Cependant, le problème le plus pressant concerne l’approbation des régulateurs de la concurrence aux États-Unis et en Europe, un obstacle significatif qui pourrait survenir.

À Washington, des législateurs des deux partis politiques ont déjà exprimé leur opposition à cet accord, craignant qu’il ne conduise à moins d’options pour les consommateurs et à des coûts accrus.

Sarandos a déclaré que Netflix, qui fait face à une pénalité de 5,8 milliards de dollars si l’accord échoue, reste « extrêmement confiant » quant à l’obtention de l’approbation réglementaire.

Le processus d’approbation dépendra en grande partie de la manière dont les régulateurs définiront l’environnement concurrentiel, selon Jonathan Barnett, professeur de droit à l’Université de Californie du Sud Gould School of Law.

Si les régulateurs se concentrent uniquement sur le streaming vidéo, l’augmentation de la part de marché de Netflix pourrait soulever d’importantes inquiétudes. Toutefois, si un cadre plus large est adopté, englobant le câble, la télévision par diffusion et même YouTube comme concurrents, « les préoccupations concernant la concentration diminuent », a-t-il noté.

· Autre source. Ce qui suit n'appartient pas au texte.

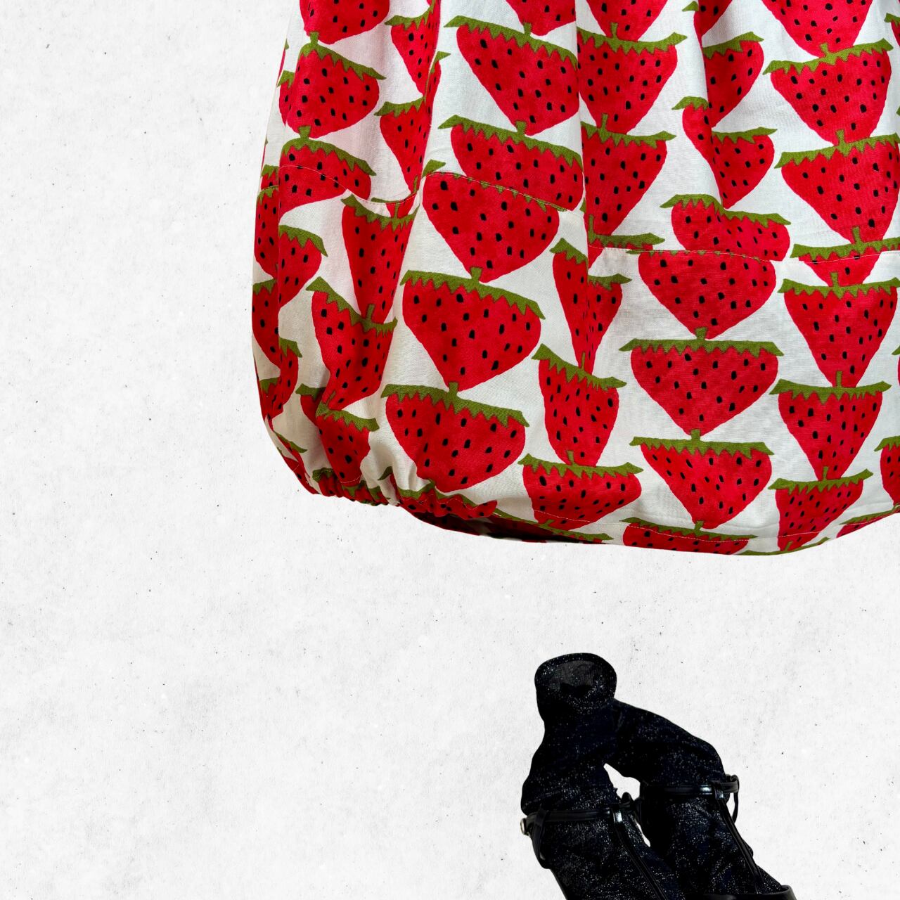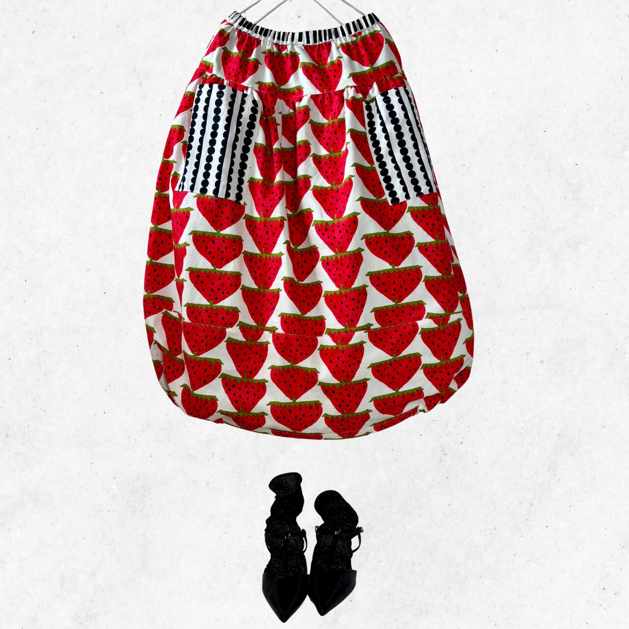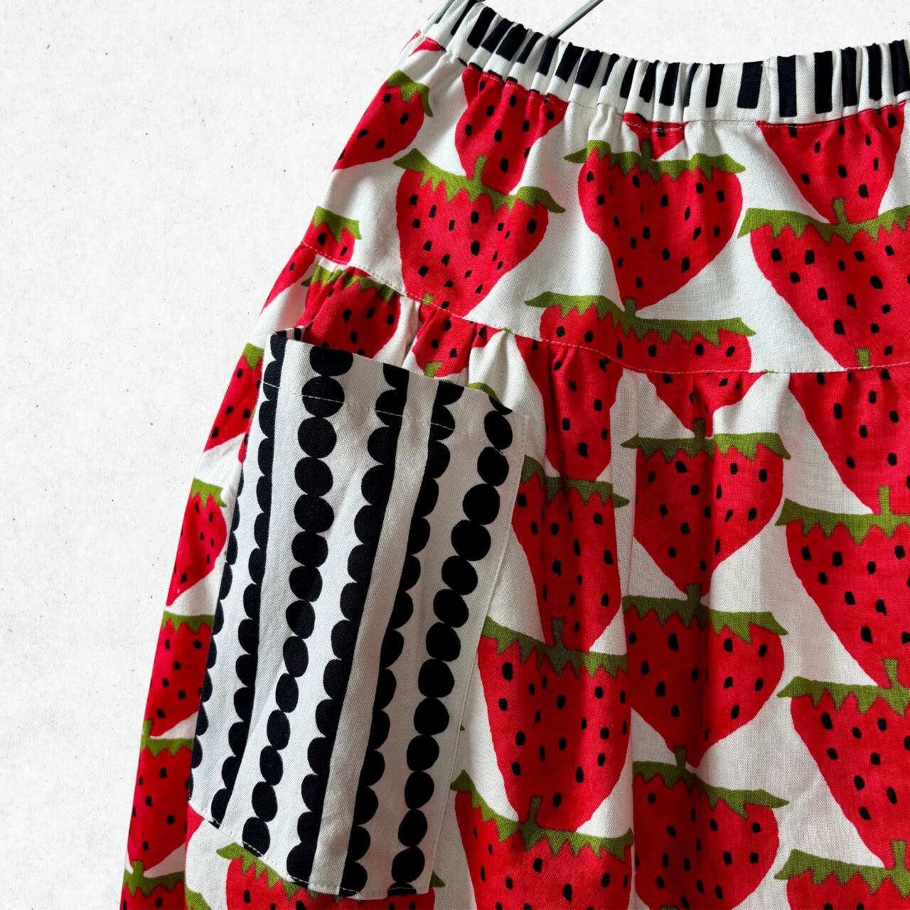 白地に映える真っ赤ないちご柄が可愛らしい、コットンキャンバス生地のスカートです。
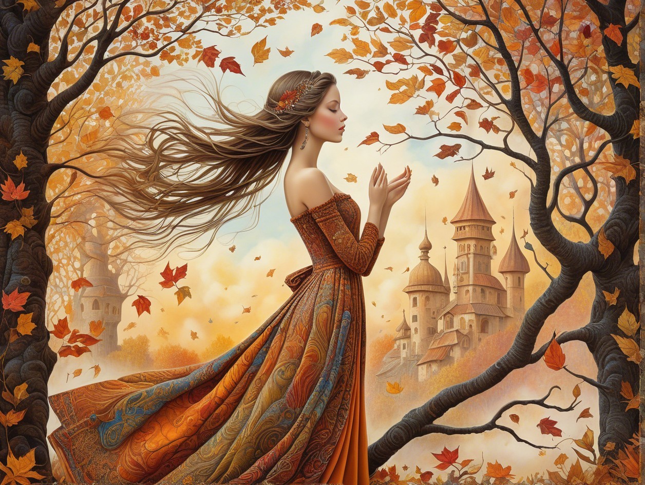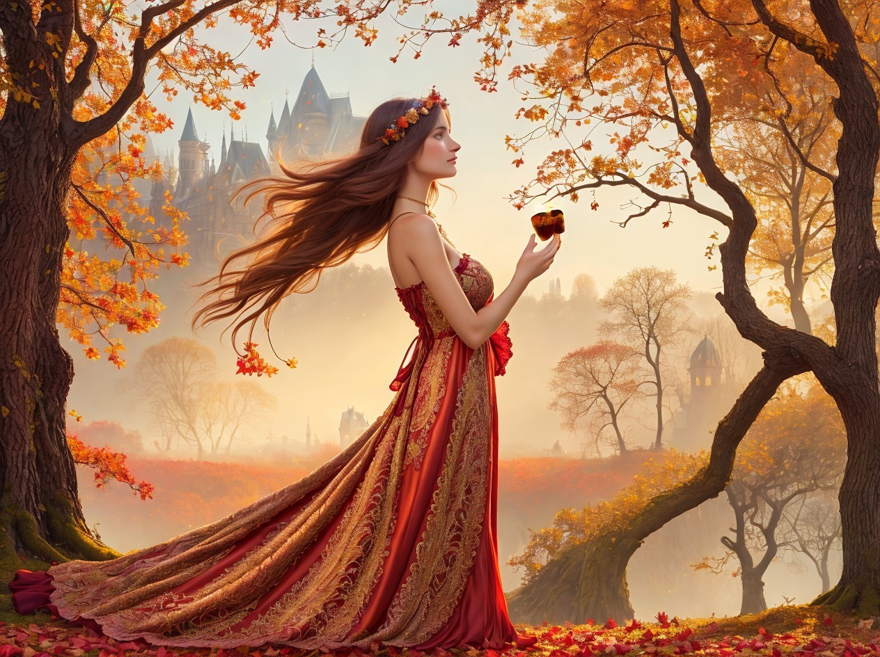 A serene figure in a flowing red gown holds an red, sweet apple, surrounded by vibrant autumn trees and falling leaves, with a distant castle emerging in a dreamy landscape.
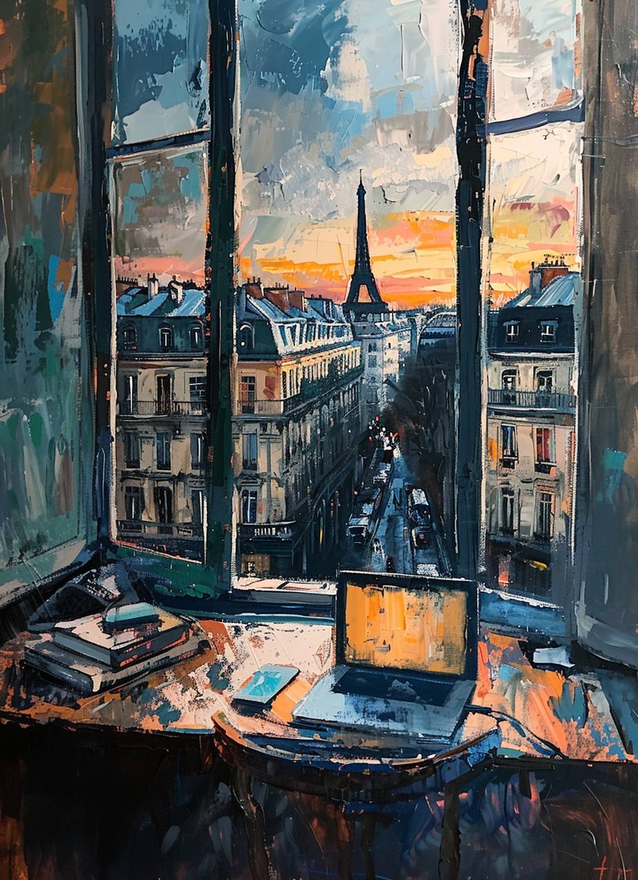 a painting of a modern desk with a laptop by a window overlooking Paris --ar 8:11 --v 6.0
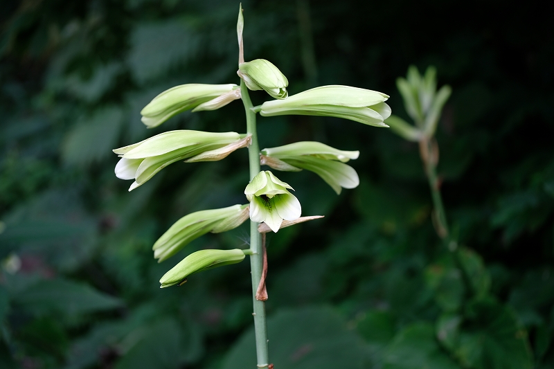 低山や山地の林の中や林の縁に生え、茎先に長さが7〜15センチくらいの緑白色の花を横向きにつける。 花被片は内側に3枚、外側に3枚あり、漏斗状となる。名の由来は、花盛りには葉が枯れているので、それを「歯がない」姥にたとえたものである。
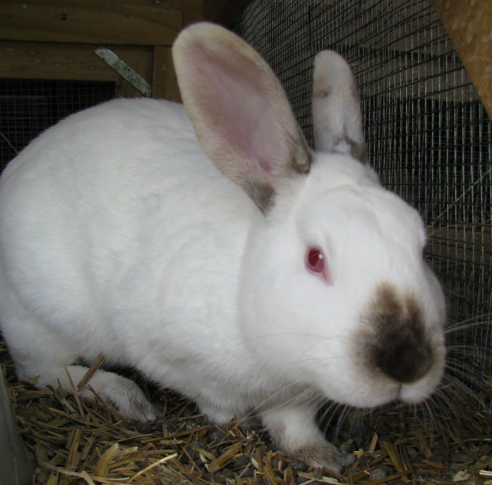 Last Fall, we had another unusual visitor to our garden – a white rabbit! We have no idea where he came from, but he seemed to want to stay close to Tinkerbell, our Dutch Belted bunny who lives under the shelter of the old smoke house. For several weeks, the white rabbit hopped all around the garden, going between Tinkerbell’s cage and the warehouse, but he would always spend the night near Tinkerbell. I began to fear for his safety since I knew he would be very easy prey for the many predators that live in the wild.
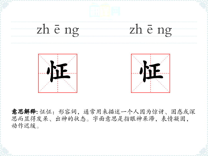 怔怔:形容词,通常用来描述一个人因为惊讶、困惑或深思而显得发呆、出神的状态。字面意思是指眼神呆滞,表情凝固,动作迟缓。

Rebecca Haw Allensworth, professeur à la Vanderbilt Law School, a noté qu’en général, une fusion de cette nature serait un cas simple pour des défis réglementaires, visant à garantir de meilleurs résultats pour les consommateurs.

Cependant, elle craint que l’administration Trump n’exerce des pressions sur Netflix concernant des questions telles que la diversité et l’impartialité politique, comme on l’a vu dans des affaires précédentes.

Au milieu de ce discours plane la possibilité d’une intervention du président Trump.

L’administration actuelle a promis une approche réglementaire plus légère et une attitude plus clémente envers les fusions.

Cependant, Trump a exprimé son admiration pour les propriétaires de Paramount Skydance, le milliardaire investisseur technologique et soutien républicain Larry Ellison et son fils David, qui poursuivent l’offre concurrente pour Warner Bros.

Trump a un intérêt bien documenté pour les secteurs des médias et du divertissement.

Bien que les régulateurs de la concurrence aux États-Unis n’aient pas encore publié de déclarations, un haut fonctionnaire de l’administration Trump a exprimé son scepticisme à l’égard de l’offre de Netflix pour Warner Bros.